Saturday, August 31, 2013

Car, bike dealers to offer big discounts this festive season

By on 6:00 PM
Car, truck and two-wheeler makers

Car, truck and two-wheeler makers are likely to offer heavy discounts and other freebies to customers in the upcoming festive season, as the automotive sector looks for desperate measures to prop up sales. "The auto industry, as a whole, has not been doing too well. As a strategy, companies are bound to go for more aggressive customer acquisition, Pawan Goenka, President Automotive and former President of industry body SIAM told India Today on Friday.
" There will also be cost controls at all levels. The automotive industry has been battling falling sales for eight consecutive months in cars and 17 straight months for heavy vehicles, leading to these companies resorting to laying off staff. Even sales of two-wheelers, that so far have remained insulated, have slowed down over the last two months. Picture for representation. Normally, festive season goodies on offer from auto makers range from cash discounts, free insurance loyalty exchange bonus and accessories. Last year, car makers, including Honda Siel Cars, Tata Motors, Maruti Suzuki and Ford India reportedly offered discounts of around Rs.60,000 on their vehicles to capitalise on the festive season and revive sluggish demand.
 With the festival of Onam approaching in Kerala, and the Ganpati festival in Maharashtra starting from September 9, car makers would look to boost sales through discounts. "There would definitely be discounts ranging from mid to heavy, since the industry is going through a slowdown, says Rakesh Batra, National Leader, Automotive Practice, EY (earlier Ernst & Young). "But that also depends on the level of inventory in products.
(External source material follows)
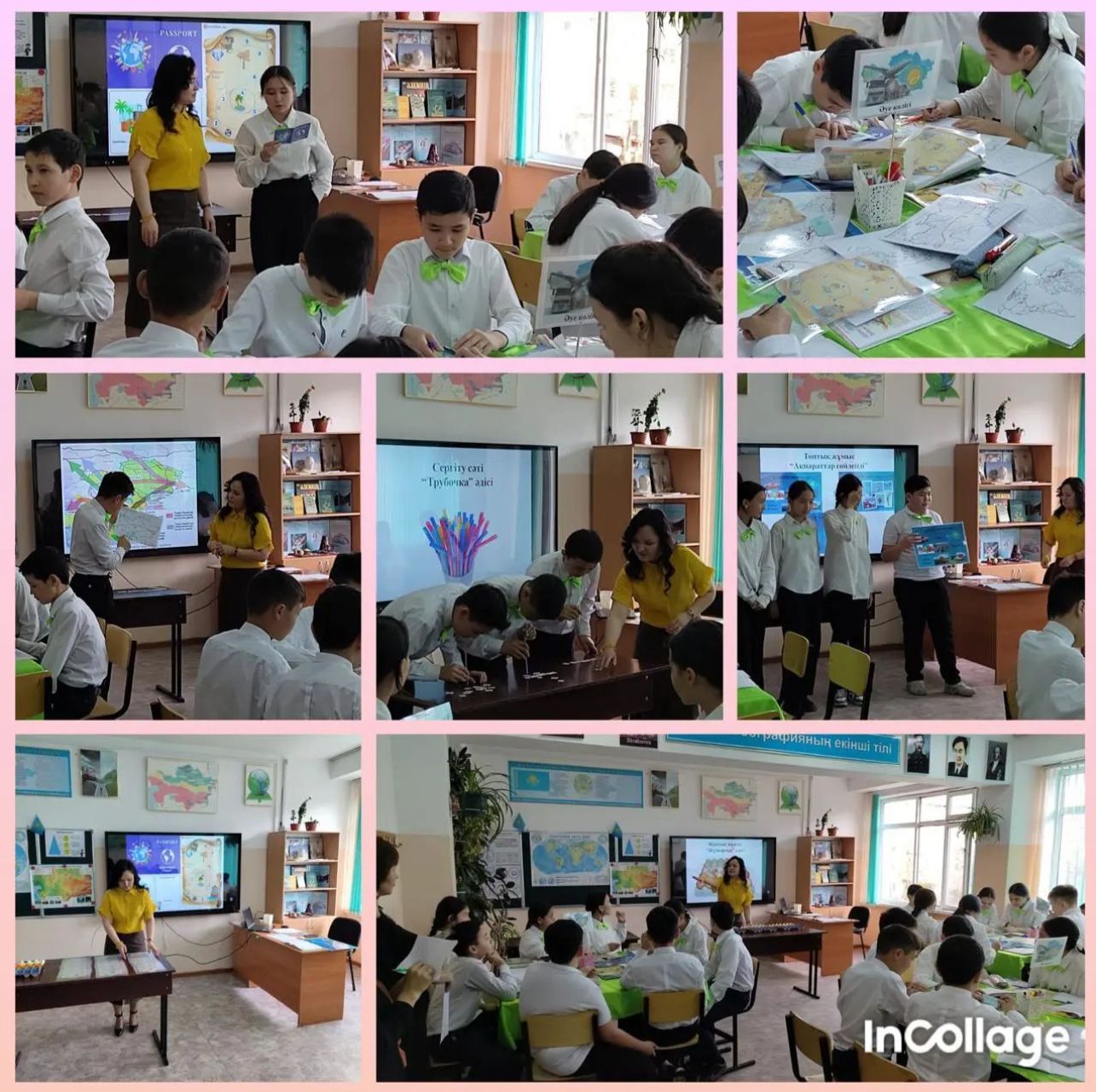 17.04.2024 жылы "Ұшқын" тобының 3-ші цикл, 1-ші зерттеу сабағы 7 "Б" сыныбында география пәні бойынша "Көлік инфрақұрылымы" тақырыбында өтті. "Қыдырып қайтайық" әдісі арқылы психалогиялық ахуал туғызды. Сабақта айқындалған проблемалық сұраққа байланысты бағалаудың бірнеше түрін қолданды. "Топтарды" бағалау, "Қолпаштау сөздер", "10 балл" арқылы бағалады. "Жұмыртқа әдісі", "Кескін картамен жұмыс", "Мәліметтер сөйлейді" әдіс-тәсілдері арқылы тапсырмаларды орындатқызды. "Трубочка" әдісі арқылы сергіту сәтін жүргізді. Оқушылар "Білім қазынасы" арқылы кері байланыс жүргізді.

Products with high inventory will see higher discounts, while new ones like the Ford Ecosport or products with long waiting list like the Honda Amaze, will not see such big discounts, he added. There would also be discounts at the dealer level. However, the escalating price of inputs in view of the falling rupee (for imported parts) can be a dampener," Batra said. Meanwhile, auto companies say there would be manpower 'adjustments' in tune with market realities.
"We continue to align a dynamic mix of permanent and temporary workers, including trainees and there tend to be the cyclical changes based on adjustments of temporary resources," a Tata Motors spokesperson said. "Additionally, we continue to look at our manpower planning in a prudent fashion to be in sync with the market environment, avoiding a blind replacement of superannuating employees. This has enabled a better alignment of our people resources to current business requirements. Tata Motors has cut its workforce by 21 per cent at its Pantnagar plant in Uttarakhand, where it employed 5,838 people, even as its passenger vehicle sales in the domestic market fell 56 per cent to 10,824 units in July, from 26,240 units a year ago. M&M had laid off 500 temporary staff at its Chakan plant in Maharashtra. "While we do not comment on specifics of our manpower, we would like to reiterate that there has not been any dramatic change and reduction in our manpower in the Pantnagar factory (as suggested in some media reports).
We had been doing well till two to three months back," said Goenka. "But now, like every other auto company, we need to cut costs. Some companies go in for plant closures. Asked if the company would halt launch of new models in the wake of sluggish demand, Goenka said, "Product launch decisions are decided separately, and are long term plans. They do not depend on vagaries in the economy."